Pensions are different in every local.


----------



## Mike94 (Jan 14, 2018)

Thank you again HackWork. One more pension question...Once you become a JW. Let's say you land a permanent job with "Apple" for example. Let's say you stay there for a long time maybe your whole career. Could you earn a pension from Apple, as well as, the two pensions from the IBEW at the same time? Will they allow this to happen?


----------



## HackWork (Oct 2, 2009)

Not likely. Your employer is usually an electrical contractor that is signed with the local, and they pay into your benefits package which covers your healthcare, pension, annuity, etc.

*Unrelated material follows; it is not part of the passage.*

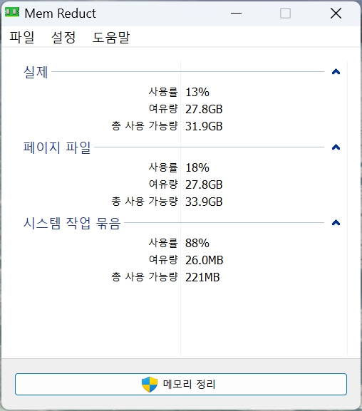 고사양의 컴퓨터를 사용하면 별로 체감할 수 없을 정도이지만 오래된 구형 컴퓨터는 버벅된다는 느낌이 바로 온다. 이럴 때 메모리를 정리해 주면 조금 속도가 빨라짐을 느낄 수 있다.

There might be some cases where you go work directly for the customer, such as a maintance position. But those are usually at a lower rate, such as 85%. And they would still pay into your benefits package. I can't see them offering you their own pension on top of that.


----------



## telsa (May 22, 2015)

Mike94 said:


> 1. When does your vested time start?
> 
> 2a. If only 5 years are required to be vested. Are you entitled to get some amount of partial pension if all you ever did is 5 years?
> 
> ...


When it comes time to collect, decades from now, all of the rules will have changed.


----------



## active1 (Dec 29, 2009)

Pensions are great.
You cross the hall.
They can try to hold your pension and retirement plan B.
Basically you sign a simple contract to abide by their constitution, bylaws, and inside agreement.
Do something that violates the bylaws, agreements, and constitution they can take legal recourse and lien your retirement accounts.
Lien, not take. Meaning interest is charged until resolved.
At some point they probably get the funds. 

Also it's more than just a simple being a member for 5 years.
There are work hour requirements.
It can take some people 10 years when they only get 0.5 credit per year.

But every local is different.


----------



## Switchgear277 (Mar 18, 2017)

Our local pensions plan works with a point system .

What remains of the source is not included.